Let's instead focus on the key question, which was posed by one of our online respondents: "It's not 'Can Wal-Mart be ready for Robinson,' but 'Can Robinson be ready for Wal-Mart?'" Some of us don't like it, many of us do, but the fact remains that the Supercenter is happening, and the question is what are we doing to prepare.
One thing we can do is to try to get as much out of the corporation as we can. Though Wal-Mart can essentially do whatever it wants within the zoning requirements, city officials seem to have taken an encouraging step by saying they don't want the store to have the "big box" look. And the corporation seems to be willing to respond in some way. So the city needs to keep pushing in that direction. How about some trees and landscaping on the site to ameliorate the acres of concrete? How about some support for local parks, or even for pursuing the "Tree City" program Robinson has been considering in recent years? Wal-Mart trumpets its "community service;" let's see how much money they'll put where their mouth is.
Marathon, of course, is the model in our area. Like Wal-Mart, they operate an enterprise that has a high impact on the community and they know it. It's no accident that many of the good works the refinery does here are connected to the environment and quality of life. We should expect no less of Wal-Mart.
Another thing we can do is expect the city to behave the same way. Robinson, by allowing Wal-Mart to expand, is allowing the community's business environment to change, which affects everyone, not just business owners. So the city needs to put in place some community-development resources, including some to help local businesses - not to subsidize them or give them special breaks, but to do some things that should have been done all along.
For example: If the Supercenter, as expected, raises the city's sales-tax receipts, why not take a share of that windfall and put it into a fund for grants or low-interest loans for downtown redevelopment? Why shouldn't Wal-Mart end up, indirectly, helping restore the facade of a downtown building, or helping a young entrepreneur succeed in a storefront shop? Sounds fair to me.
And one more thing we can do, as a business community, is refocus on how we treat customers. One reason Wal-Mart has been able to succeed in small towns is that local retailers have often, in the day-to-day pressure of keeping the doors open, forgotten the basics of why they're there.

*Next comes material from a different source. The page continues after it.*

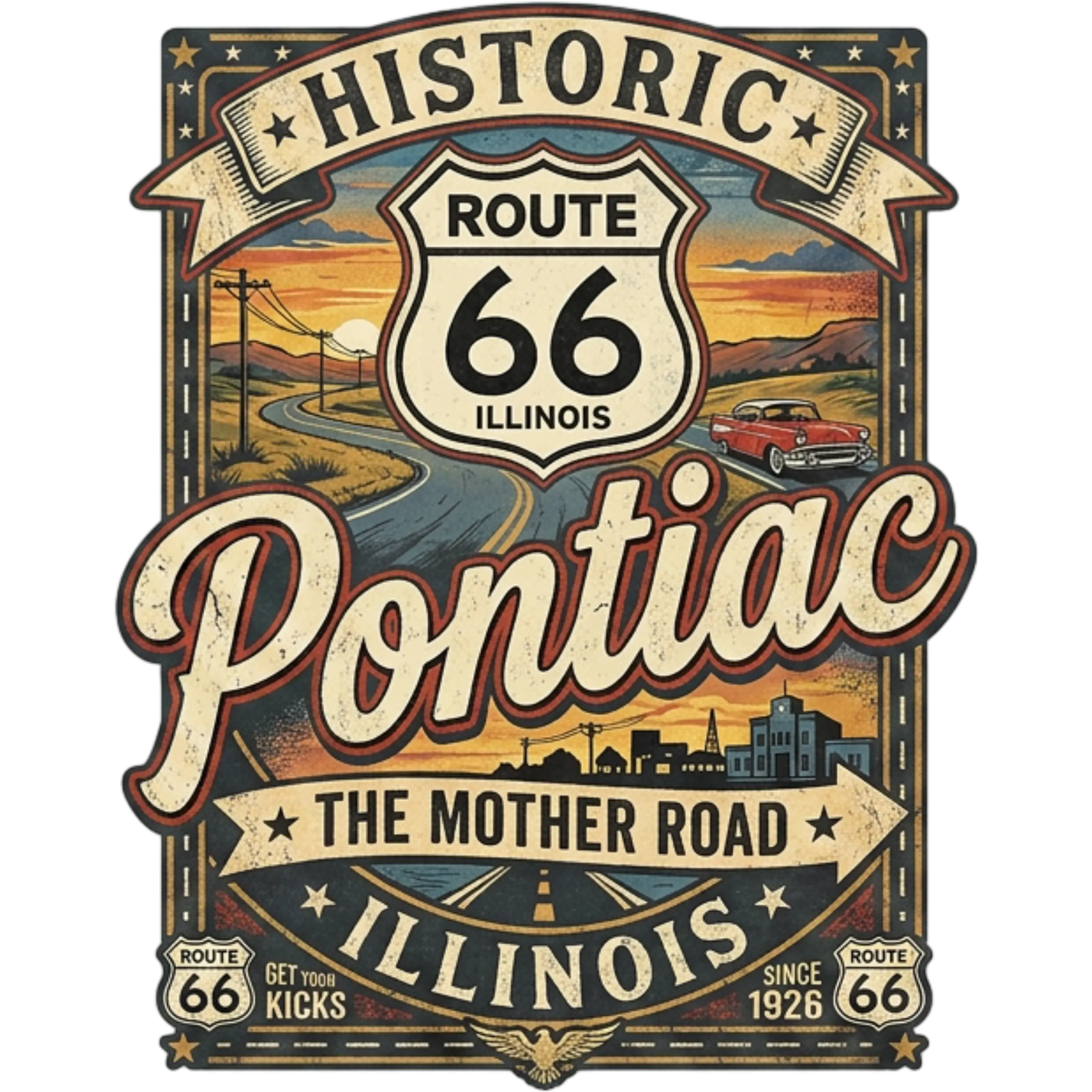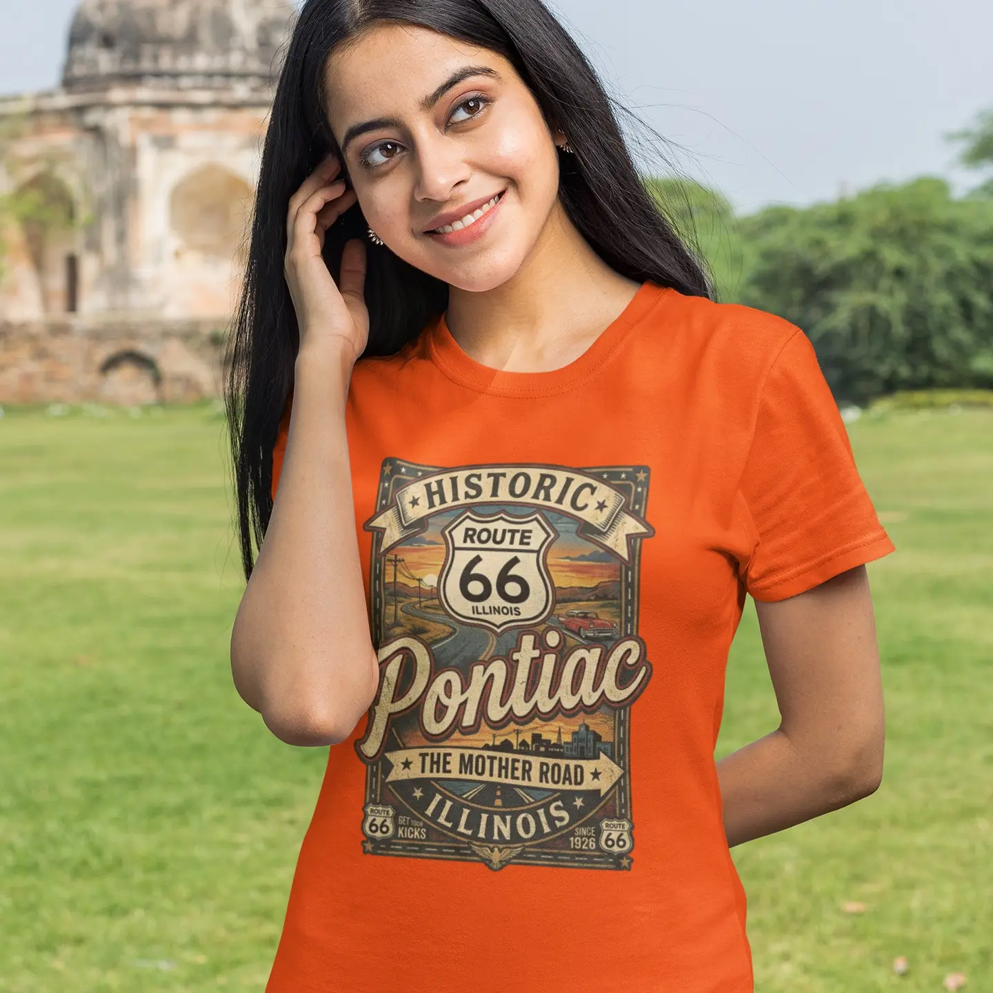 Celebrate the spirit of America’s most iconic highway with this bold Route 66 – Pontiac, The Mother Road T‑shirt. Designed for road‑trippers, classic‑car lovers, and anyone who feels at home on the open road, this tee brings vintage Americana vibes with a clean, eye‑catching graphic that stands out in every outfit. Soft, comfortable, and perfect for cruising, traveling, or repping your hometown pride — this shirt is made for the ones who live life one mile at a time.

Here's one scenario. If I walk into a local store wanting a big-ticket item, your job as the proprietor is not to let me leave until you have my money and I have the item. It doesn't matter if the installer doesn't work on Thursdays or the delivery guy is at a ballgame or the only one you have left is the demo. You will call the district manager for an OK, you will load the item in your own pickup and bring it to my house, you will find a friend of yours in the next town to come help you hook it up. Today. Free. That's what I expect from the big-box store. Why should I expect any less of you?

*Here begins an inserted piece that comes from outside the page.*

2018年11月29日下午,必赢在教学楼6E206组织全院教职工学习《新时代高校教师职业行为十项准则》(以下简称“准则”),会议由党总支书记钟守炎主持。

And there's the teenaged checker at the store who can't bring herself to interrupt the conversation with her friend while she's checking you out. And there's the clerk who, when you ask which techno-gadget you want to buy is compatible with the one you already have, says, "You got me, Bud." Common scenes, not unique to Robinson by any means - but no longer tolerable in today's business climate.
Customer service - radical, relentless, creative, resourceful - is what local businesses can offer that Wal-Mart will never be able or willing to offer. If you give the customer what he or she wants, instantly, cheerfully, knowledgeably, at a fair price, and fix it or replace it when it breaks, you're giving them a reason to come back - to say, "For this and that and the other I'll go to Wal-Mart, but for this, I'm coming here."

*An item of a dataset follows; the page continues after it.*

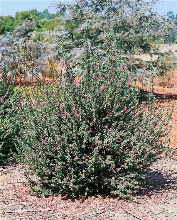 Das Texas-Silberblatt (Leucophyllum frutescens) eine buschige Gartenpflanze, die, je nach Sorte, Blüten in verschiedenen Farben hervorbringt. An einem sonnigen Standort mit durchlässigem, lockerem Boden erreicht es gewöhnlich eine Höhe von ca. 1,5 m und wird ca. 1,5 m breit.

It's going to be different, for sure. But it doesn't have to be as bad as many of us think it could be. We just need to remember something local entrepreneur Ken Hohlbaugh told me several years ago: When change comes to a community, the most important thing is to be out in front of it, making things happen, rather than letting things happen to you.
The Supercenter is coming. But we don't have to let it happen to us.